Monday, July 27, 2020

'Our Nimble-Kneed Astaire'

How does the name of a Eurasian bird end up as a metaphor in working-class conversation in Cleveland? When my parents wished to mock someone who spoke endlessly and mindlessly, they might call him a magpie. It implied empty chatter, noise for its own sake. But why not a myna or parrot, birds they had actually seen? Years later I learned the magpie was renowned for collecting and hoarding shiny objects, which supplied a second useful  avian metaphor. (Think of Rossini’s The Thieving Magpie.)  Off hand, I can’t recall another bird so generous with figures of speech. Mockingbird? Old crow? Eagle-eyed? Owlish? Pigeon-toed?

Magpies belong to the genus Pica, which supplies the latter half of the bird’s common name.
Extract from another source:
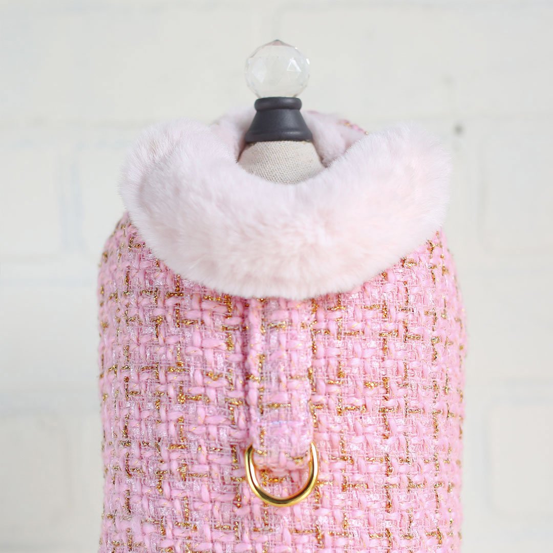 Your precious pooch will look regal in the Chantel Tweed Dog Coat by Hello Doggie. Our new coat collection was released just in time for the fall/winter season. When designing this coat we had the pooch in mind, our fur babies get cold too while they're out on the town for holiday shopping or a walk in the park. The coats are made from a beautiful soft tweed fabric and are lined with faux fur for a timeless design  and to keep out that extra chill. These coats are perfect to pair up with your favorite Hello Doggie sweater, featuring adjustable velcro straps for a perfect fit when adding layers. It is easy to care for, delicate wash with no softener or bleach and air dry. Our coats are fashionable and most importantly comfortable to wear. Each Coat has a matching harness, sold separately. Limited Edition MSRP $84.00 * Coats are handmade sizes may vary slightly. Made in USA.

Magpies are corvids, along with crows, ravens, rooks and jays, among others. These are smart birds. Magpies are among the few non-mammal species able to recognize their own reflection in mirrors. They are tastefully beautiful birds, elegant and classy, with a touch of the aristocratic. In the final lines of “Lord Mayor Magpie,” Eric Ormsby plays with that idea:

“. . . this debonair
line dancer in mid-air,
domino dapper
with morning-coat manners,
stiff tailed, caustic of caw,
parliamentary of demeanour,
our nimble-kneed Astaire

“who refuses all obeisance
to Lagerfeld or Wintour.
His black eye crackles, his attire is dour.
He favours classic all-occasion wear.”

Ormsby has often devoted poems to birds, though not in the Mary Oliver spirit of sensitivity and nature worship. He happily anthropomorphizes them, turning them into character studies. I once called him an “ornithological/Theophrastian maker of verses.”

2 comments:

  1. My soft spot for magpies began with the wonderful Heckle and Jeckle, whose two personalities seem to reflect the complexity you describe.

    ReplyDelete
  2. There is one other bird that is probably more "generous with figures of speech." The ubiquitous, unflappable chicken.